In this work, different low-dimensional carbon nanostructures (graphite oxide, graphene oxide and amino-functionalized graphene oxide and graphite oxide) integrated into a hybrid, organic-inorganic matrix, were developed, obtaining different nanocomposite coatings. The hybrid matrix was obtained from an inorganic component, tetraethyl orthosilicate, and an organic composition resin, diglycidyl ether bisphenol-A. Each of the different coatings were separately applied on AISI 1018 carbon steel surfaces. The corrosion test was carried out by Electrochemical Impedance Spectroscopy on the coated metal in two different media, saline and acidic. The resistance to charge transfer was higher for coating containing graphene oxide in both electrolytes. A comparison between the coating's performance containing graphite oxide and graphene oxide showed that the exfoliation of graphite oxide is important to have a greater distribution and intercalation of the low dimensionality sheets inside the hybrid matrix up to form a uniform protective barrier. Wear test were carried out and structural stability of the coatings after 100 cycles was demonstrated, showing the persistent SiOSi groups produce a protection against corrosion to AISI 1018 carbon steel.

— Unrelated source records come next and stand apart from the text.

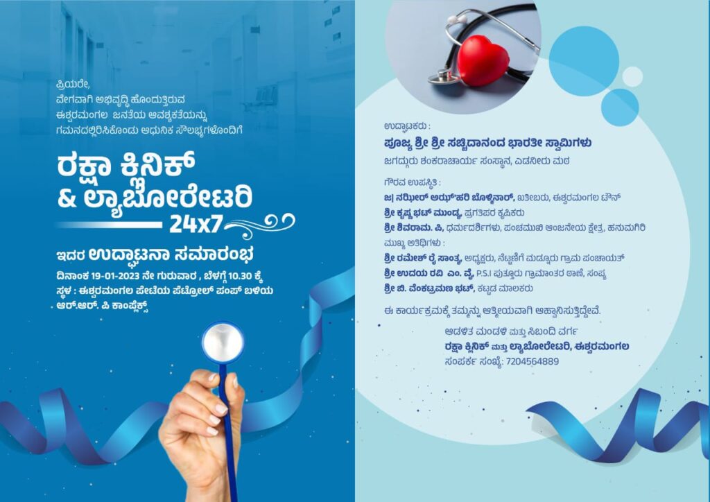 (ಜ.19) ಈಶ್ವರಮಂಗಲ: ‘ರಕ್ಷಾ ಕ್ಲಿನಿಕ್ & ಲ್ಯಾಬೋರೇಟರಿ 24*7’ ಶುಭಾರಂಭ
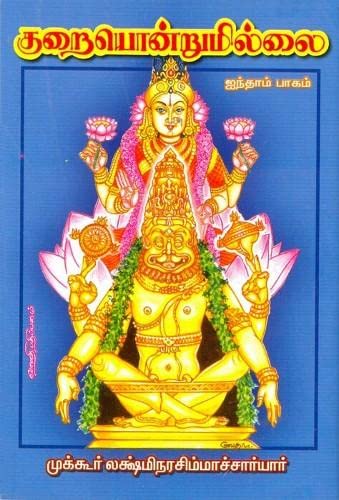 "Kuraiyondrumillai" by Mukkoor Lakshmi Narasimhachariar is a profound Tamil literary work delving into the depths of Sri Vaishnavism. This book encapsulates the essence of devotion, philosophy, and spiritual wisdom through insightful narratives and commentaries on the divine scriptures. Narasimhachariar's eloquent prose and deep understanding of Vaishnavite principles make this book a treasure trove for spiritual seekers. It illuminates the path of devotion to Lord Vishnu, delving into the intricacies of karma, dharma, and ultimate liberation. "Kuraiyondrumillai" serves as a beacon of enlightenment, guiding readers on a transformative journey towards deeper spiritual understanding and divine connection.
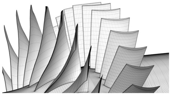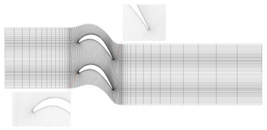 The computational grid is generated by commercial software AutoGrid 5. A structured O4H-type grid topology is selected in each blade passage. As shown in Figure 2, the blade surface is surrounded by the O-grid, and the rest is divided into the H-grid. The mesh in the tip region is locally refined.

在这项工作中，开发了不同的低维碳纳米结构（氧化石墨、氧化石墨烯和氨基功能化的氧化石墨烯和氧化石墨），这些结构集成到混合的有机-无机基质中，获得了不同的纳米复合涂层。混合基质由无机组分原硅酸四乙酯和有机组合物树脂二缩水甘油醚双酚 A 获得。每种不同的涂层分别涂在 AISI 1018 碳钢表面上。腐蚀测试是通过电化学阻抗光谱法对涂层金属在盐水和酸性两种不同介质中进行的。在两种电解质中都含有氧化石墨烯的涂层的电荷转移阻力更高。涂层之间的比较' 含有氧化石墨和氧化石墨烯的性能表明，氧化石墨的剥离对于混合基质内部低维片的更大分布和嵌入非常重要，以形成均匀的保护屏障。进行了磨损试验，并证明了涂层在 100 次循环后的结构稳定性，显示出持久的 SiO Si 基团对 AISI 1018 碳钢产生腐蚀保护。